EXERCISE REQUIREMENTS ->
Please print, exactly, only the lines in the entries below from the line that has "Smart gennemknappet kjole" through the line that has "- ORGANIZE WITH". Pictures don't go in.

RECORDS SUPPLIED ->
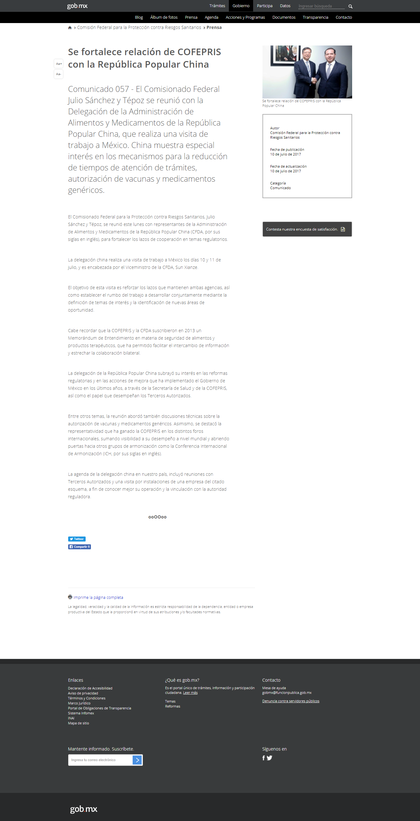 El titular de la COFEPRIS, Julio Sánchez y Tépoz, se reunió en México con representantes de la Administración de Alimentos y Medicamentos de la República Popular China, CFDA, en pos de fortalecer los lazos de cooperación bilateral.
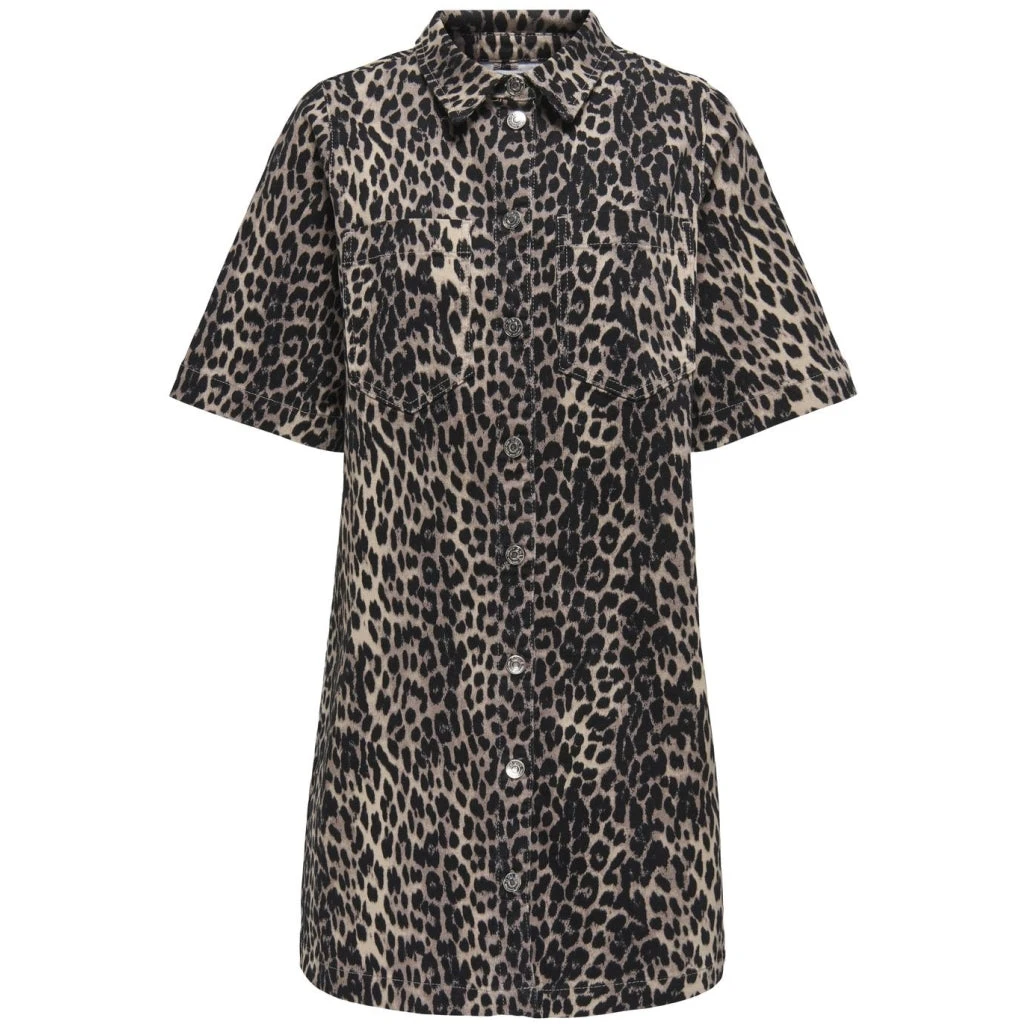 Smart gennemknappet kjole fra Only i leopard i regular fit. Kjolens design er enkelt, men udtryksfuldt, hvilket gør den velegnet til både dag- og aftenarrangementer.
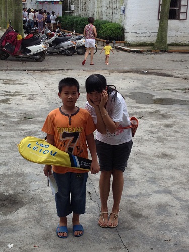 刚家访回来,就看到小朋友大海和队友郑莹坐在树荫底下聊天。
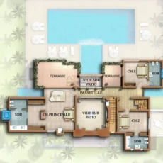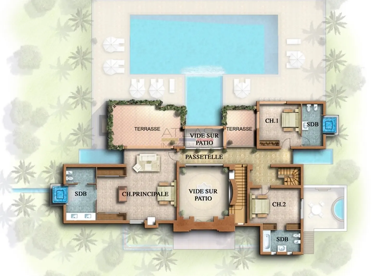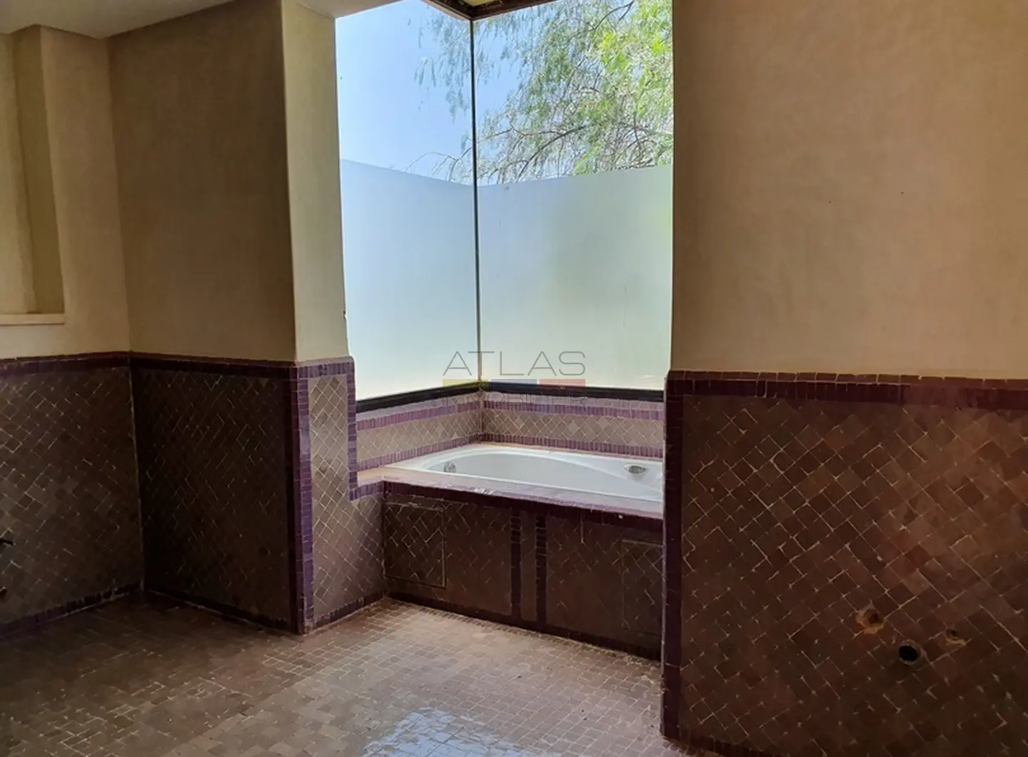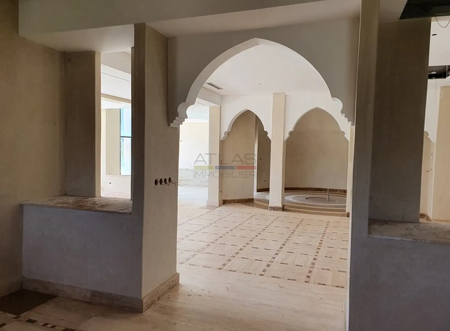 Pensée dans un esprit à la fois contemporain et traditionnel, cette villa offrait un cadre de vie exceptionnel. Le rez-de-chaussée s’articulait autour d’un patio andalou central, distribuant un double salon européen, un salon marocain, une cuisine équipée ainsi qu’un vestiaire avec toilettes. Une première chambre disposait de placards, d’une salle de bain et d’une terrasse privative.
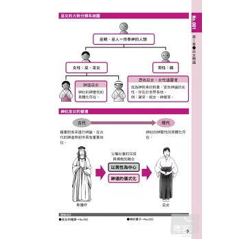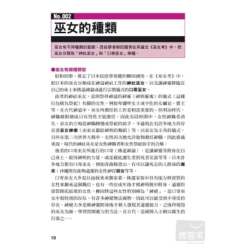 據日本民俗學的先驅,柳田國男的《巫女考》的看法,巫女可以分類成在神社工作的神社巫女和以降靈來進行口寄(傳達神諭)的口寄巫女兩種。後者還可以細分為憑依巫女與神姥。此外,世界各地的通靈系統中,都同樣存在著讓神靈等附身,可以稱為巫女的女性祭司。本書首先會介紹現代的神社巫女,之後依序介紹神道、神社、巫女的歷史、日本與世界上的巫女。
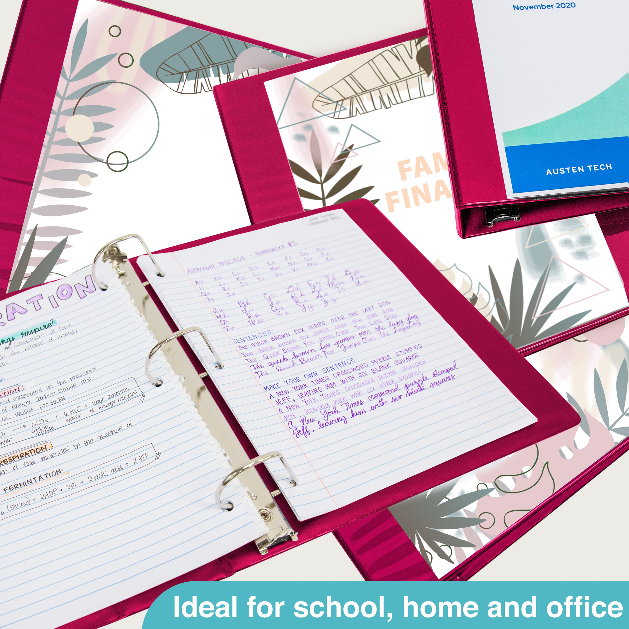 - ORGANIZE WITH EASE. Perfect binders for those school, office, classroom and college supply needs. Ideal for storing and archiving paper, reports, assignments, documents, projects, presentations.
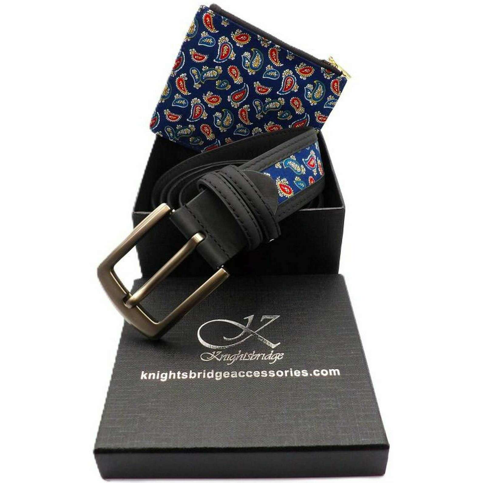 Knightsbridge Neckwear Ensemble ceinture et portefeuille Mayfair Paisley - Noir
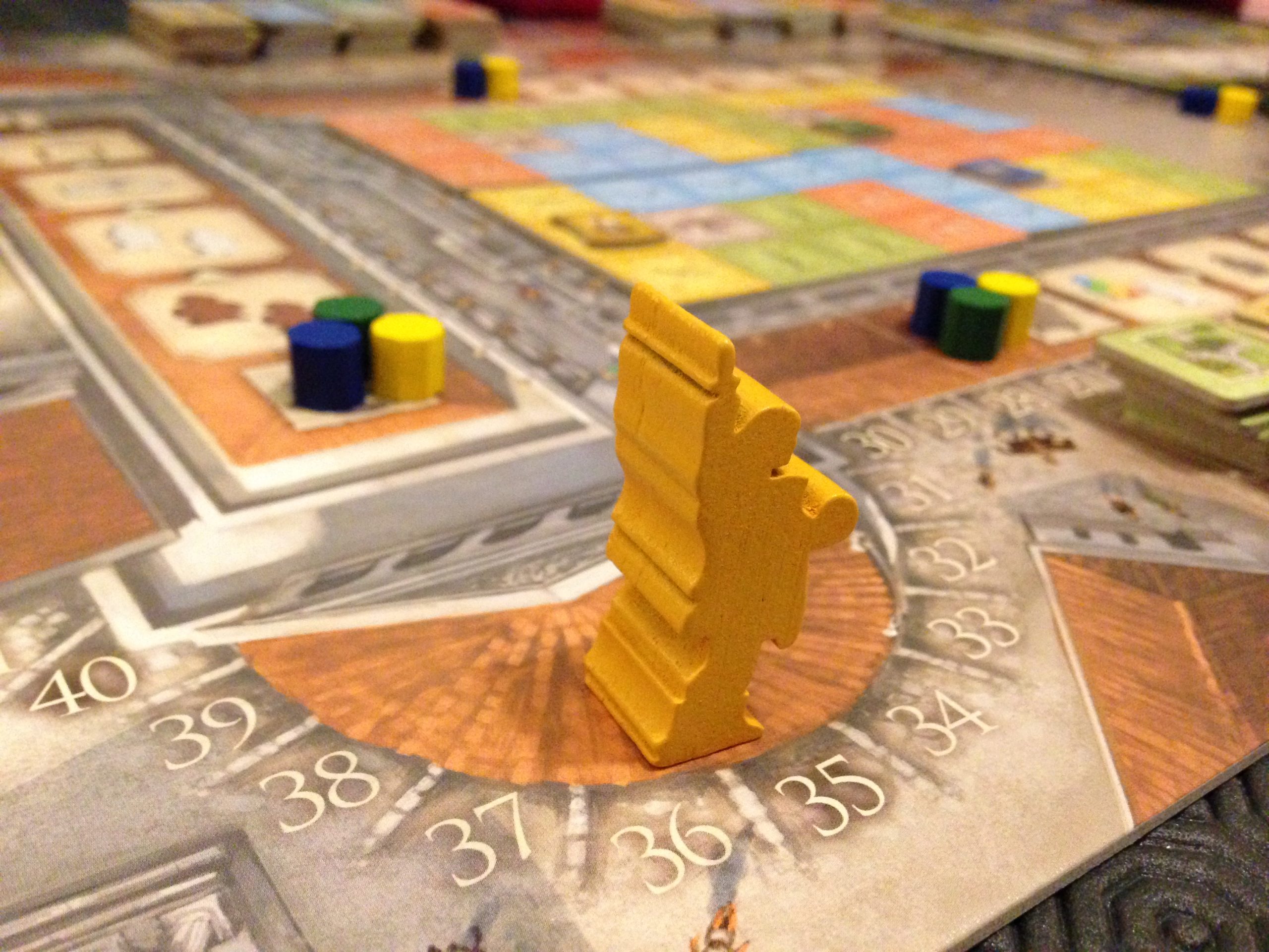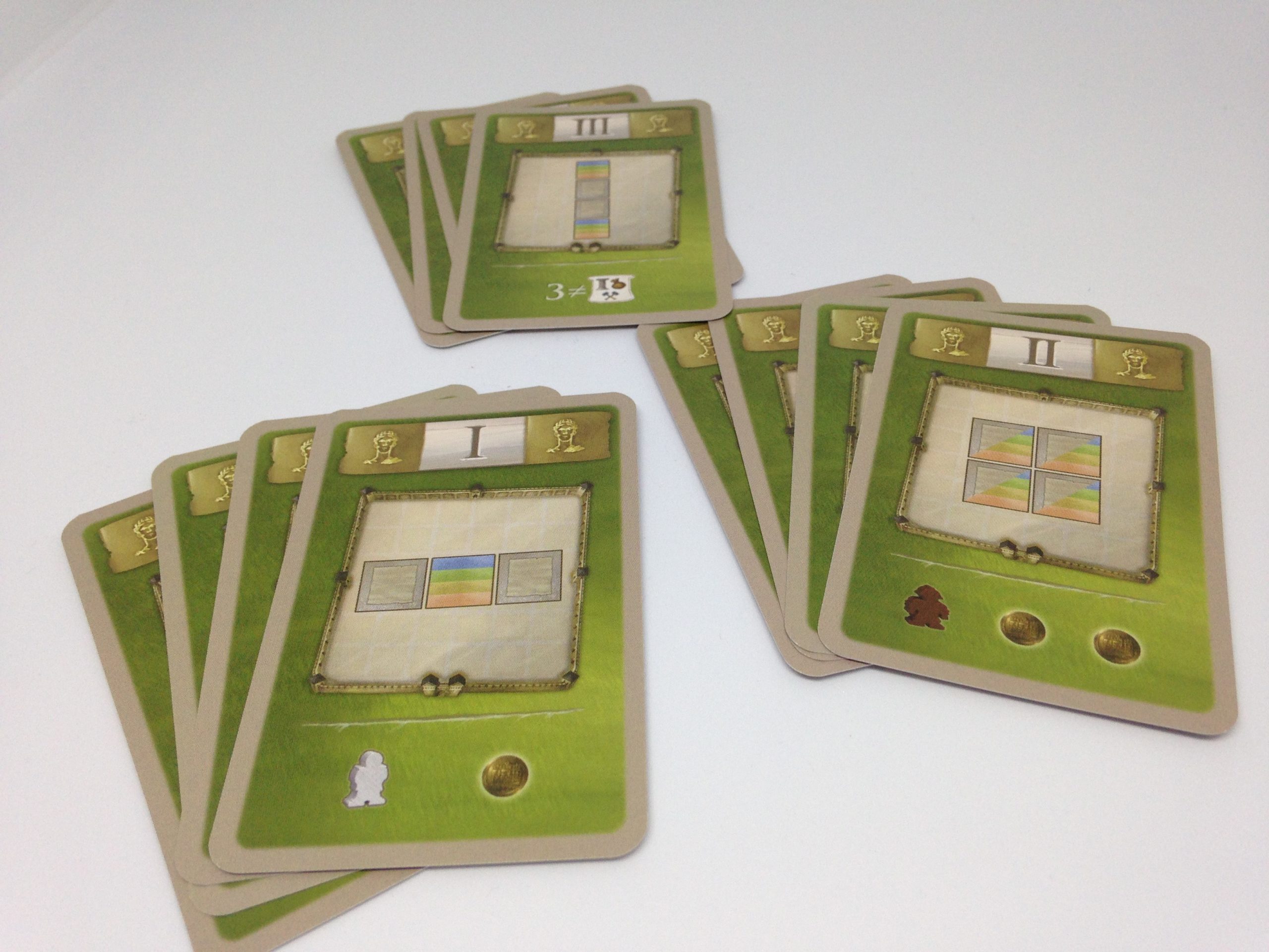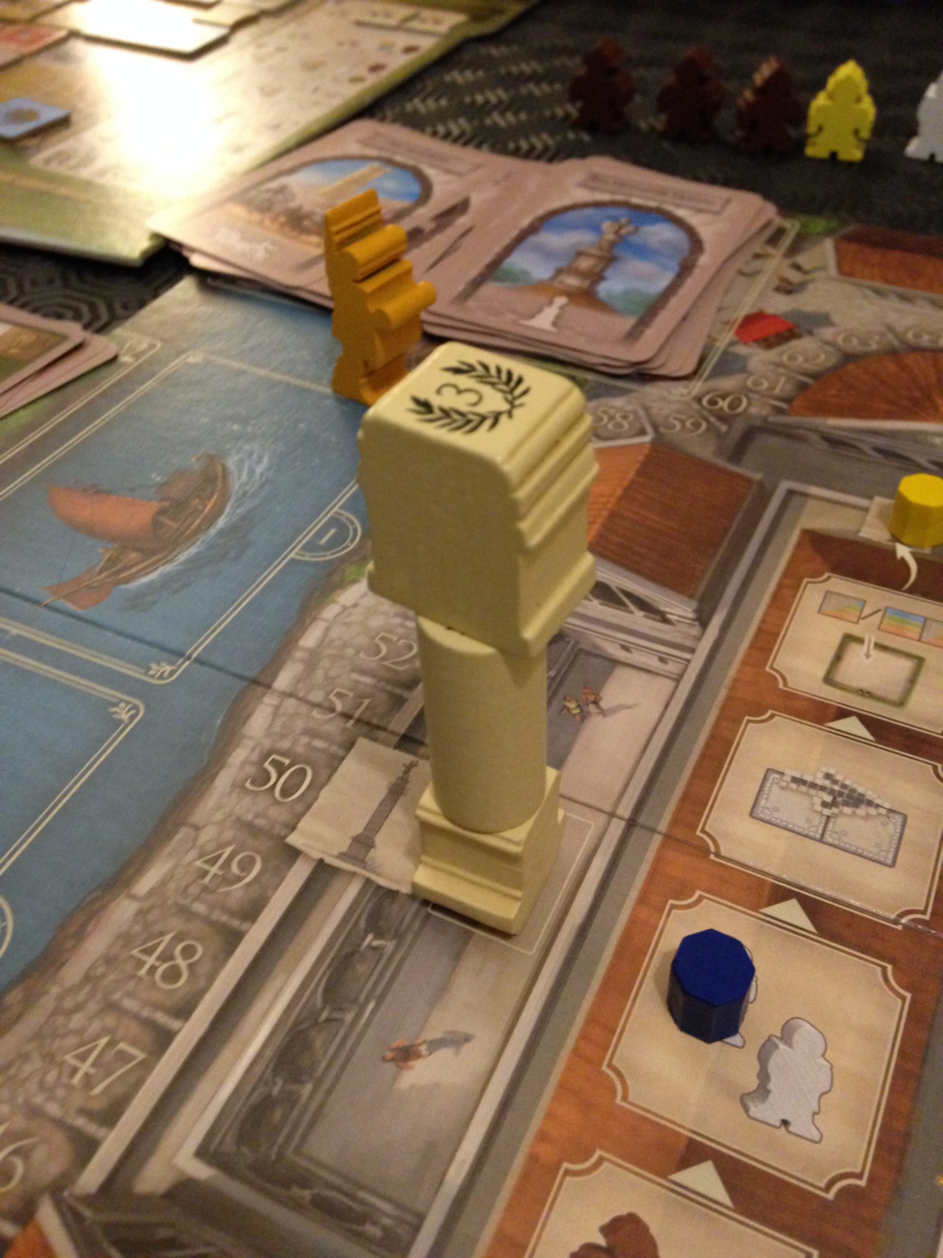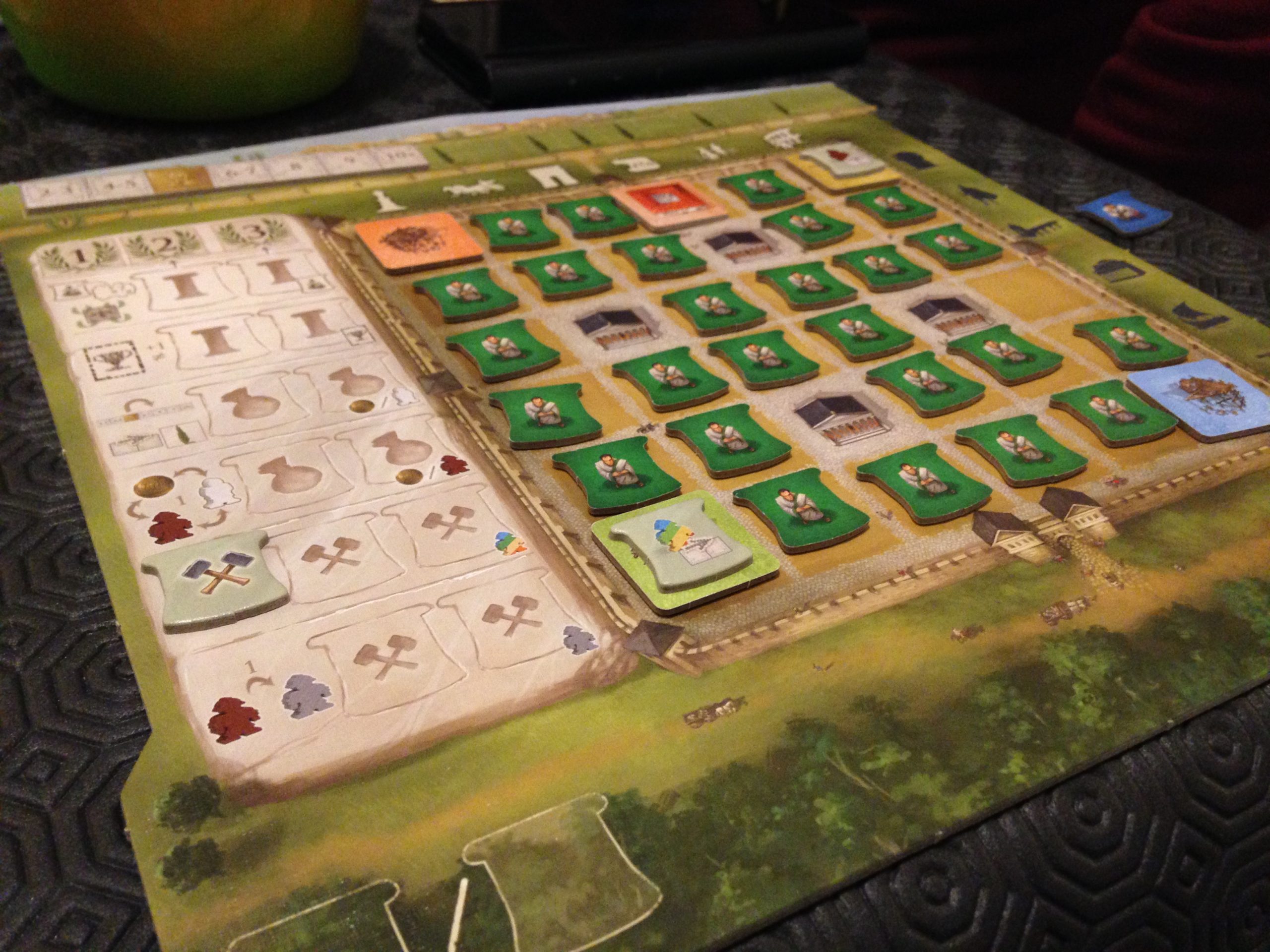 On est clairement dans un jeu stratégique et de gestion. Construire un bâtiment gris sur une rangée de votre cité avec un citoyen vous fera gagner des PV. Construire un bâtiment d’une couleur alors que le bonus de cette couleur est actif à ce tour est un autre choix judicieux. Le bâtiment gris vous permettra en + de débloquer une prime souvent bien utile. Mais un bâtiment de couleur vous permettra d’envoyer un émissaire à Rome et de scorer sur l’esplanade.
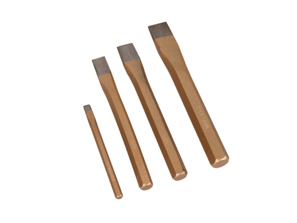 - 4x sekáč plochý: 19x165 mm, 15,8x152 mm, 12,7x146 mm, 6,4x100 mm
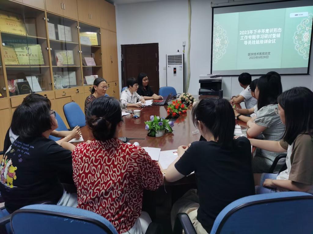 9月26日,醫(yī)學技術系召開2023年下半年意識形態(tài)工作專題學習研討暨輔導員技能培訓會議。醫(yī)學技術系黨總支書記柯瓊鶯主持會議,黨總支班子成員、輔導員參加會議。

REPLY ->
 Smart gennemknappet kjole fra Only i leopard i regular fit. Kjolens design er enkelt, men udtryksfuldt, hvilket gør den velegnet til både dag- og aftenarrangementer.
 刚家访回来,就看到小朋友大海和队友郑莹坐在树荫底下聊天。
 Pensée dans un esprit à la fois contemporain et traditionnel, cette villa offrait un cadre de vie exceptionnel. Le rez-de-chaussée s’articulait autour d’un patio andalou central, distribuant un double salon européen, un salon marocain, une cuisine équipée ainsi qu’un vestiaire avec toilettes. Une première chambre disposait de placards, d’une salle de bain et d’une terrasse privative.
 據日本民俗學的先驅,柳田國男的《巫女考》的看法,巫女可以分類成在神社工作的神社巫女和以降靈來進行口寄(傳達神諭)的口寄巫女兩種。後者還可以細分為憑依巫女與神姥。此外,世界各地的通靈系統中,都同樣存在著讓神靈等附身,可以稱為巫女的女性祭司。本書首先會介紹現代的神社巫女,之後依序介紹神道、神社、巫女的歷史、日本與世界上的巫女。
 - ORGANIZE WITH EASE. Perfect binders for those school, office, classroom and college supply needs. Ideal for storing and archiving paper, reports, assignments, documents, projects, presentations.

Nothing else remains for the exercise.